Ceratophora karu
- Conservation status: CITES Appendix I

Scientific classification
- Kingdom: Animalia
- Phylum: Chordata
- Class: Reptilia
- Order: Squamata
- Suborder: Iguania
- Family: Agamidae
- Genus: Ceratophora
- Species: C. karu
- Binomial name: Ceratophora karu Pethiyagoda & Manamendra-Arachchi, 1998

= Ceratophora karu =

- Genus: Ceratophora
- Species: karu
- Authority: Pethiyagoda & Manamendra-Arachchi, 1998
- Conservation status: CITES_A1

Species of lizard

Ceratophora karu, also known commonly as Karu's horned lizard or Karunaratne's horn lizard, is a species of lizard in the family Agamidae. The species is endemic to Sri Lanka.

==Etymology==
The specific name, karu, is in honor of Sri Lankan zoologist G. Punchi Banda "Karu" Karunaratne (1930–1996).

==Geographic range==
C. karu is known only from Morning Side Forest Reserve and three nearby unprotected localities in Sri Lanka.

==Habitat==
The preferred natural habitat of C. karu is well-shaded forest at elevations of 1,000–1,100 m, but it has also been found in cardamom plantations with forest overstory.

==Description==
The head of C. karu is oval, and is longer than wide. The rostral appendage comprises more scales than the rostral scale alone. The scales are triangular, smooth or weakly keeled. The length of the rostral appendage is less than eye-nostril distance. There are prominent superciliary scales. There is a backward-pointing V-shaped ridge at the back of the forehead. The dorsal scales are larger than the scales on the flanks. The lamellae under the fourth toe number 14–17.

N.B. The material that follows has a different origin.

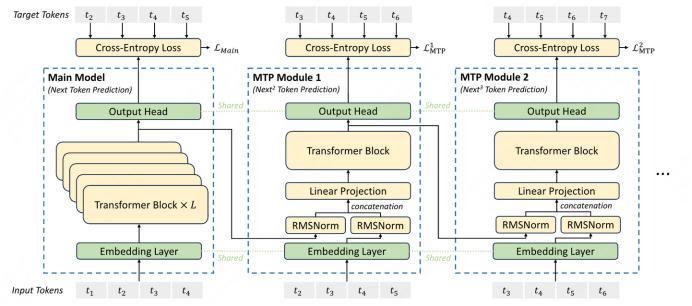 MTP则允许模型在前向计算中一次预测多个连续的词,以此减少迭代次数并提升计算效率。
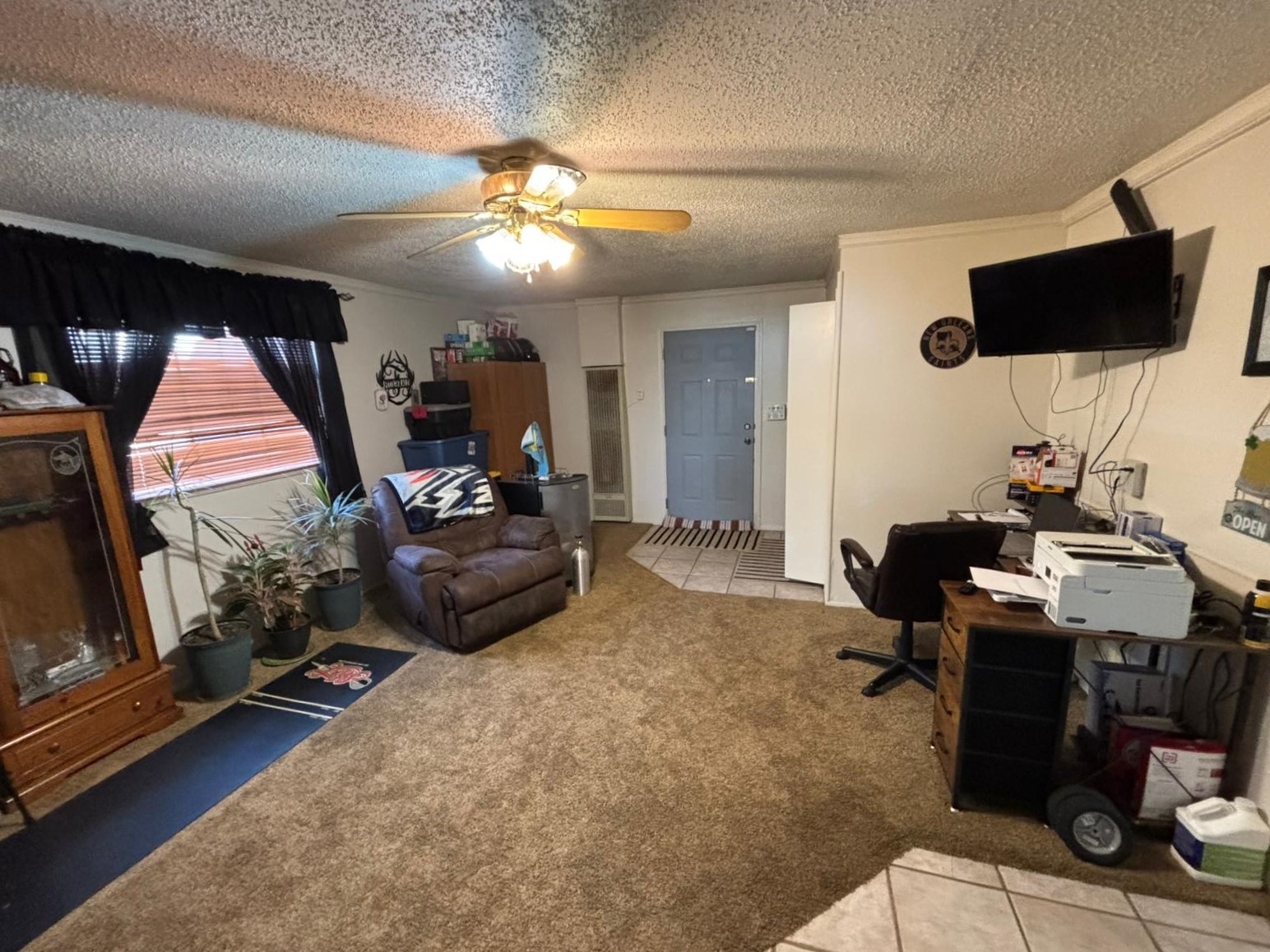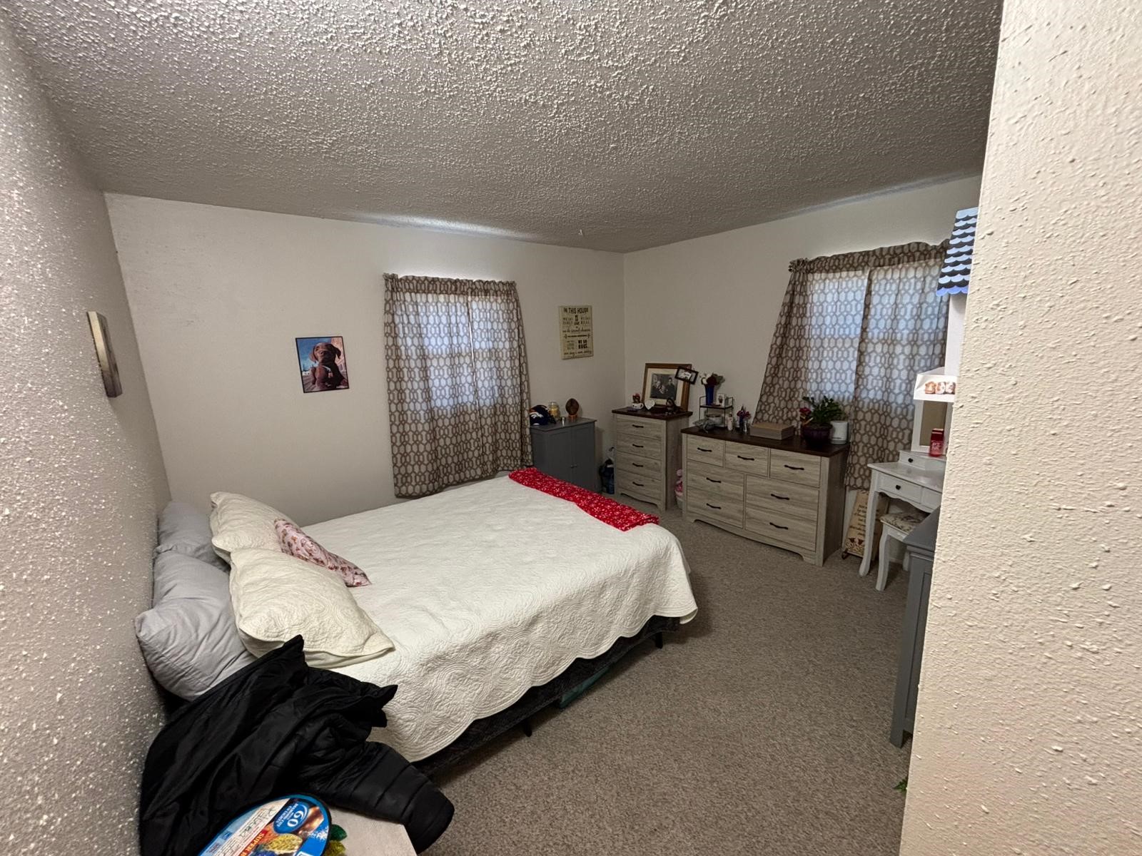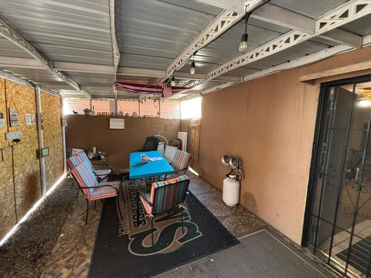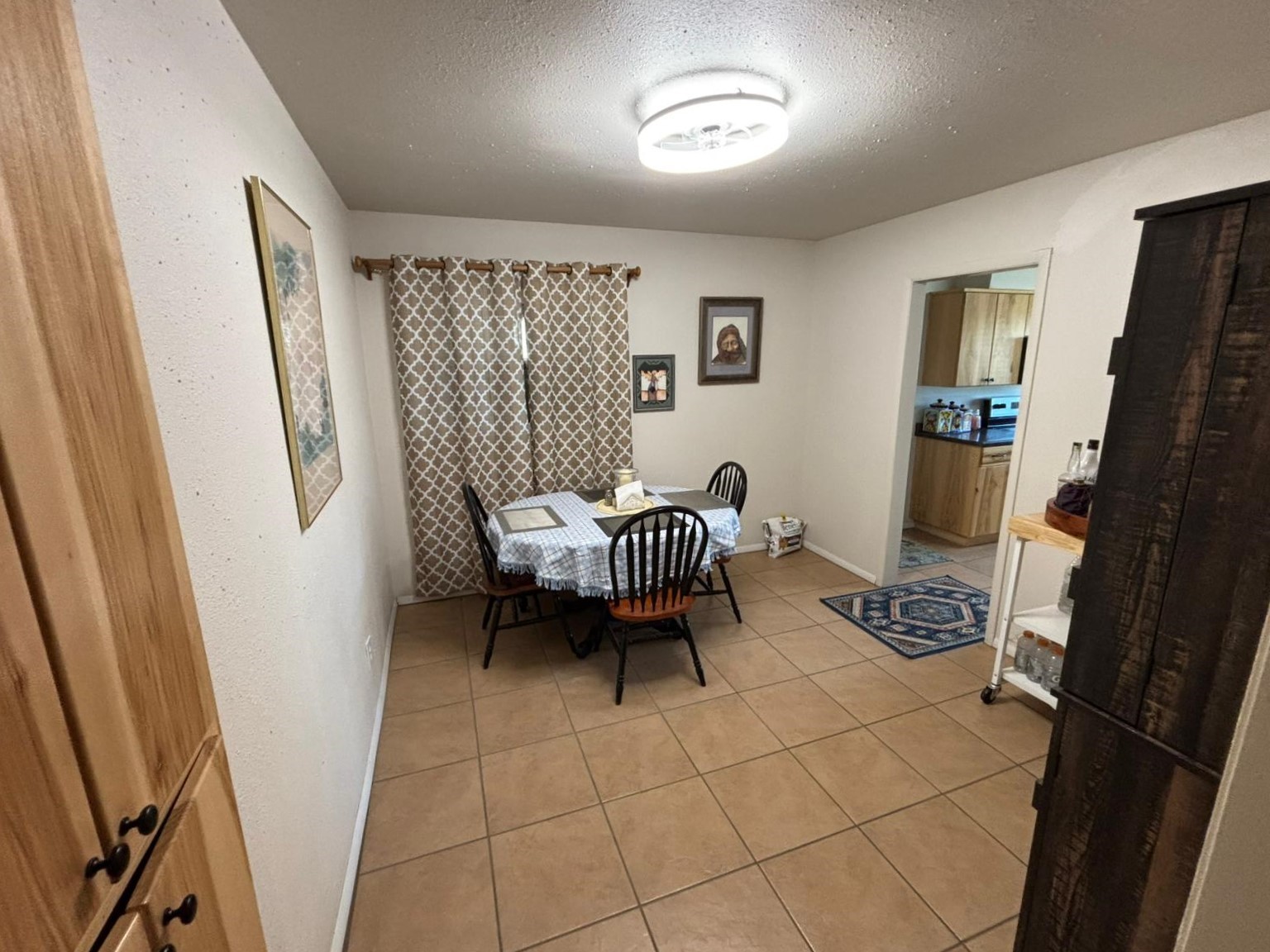 Charming home with recent updates! Tile in entry, kitchen & dining. Carpet throughout (older). Kitchen cabinets approx. 10 yrs old. 2023 roof, 2022 windows. Enjoy a 20x10 covered back porch with tile. Gravel yard, shed, and carport in back. Main bath updated '23. Second bath offers potential. Some stucco needs attention.

The dorsum is dark black-brown, and the flanks are brown or olive-green. Some specimens have bright orange-red patches on the supralabials. The throat and venter are buff or dirty white to yellowish-brown with small black patches.

==Reproduction==
C. karu is oviparous. Two eggs are laid at a time, each measuring 8.6 mm x 5.0 mm (0.34 in x 0.2 in).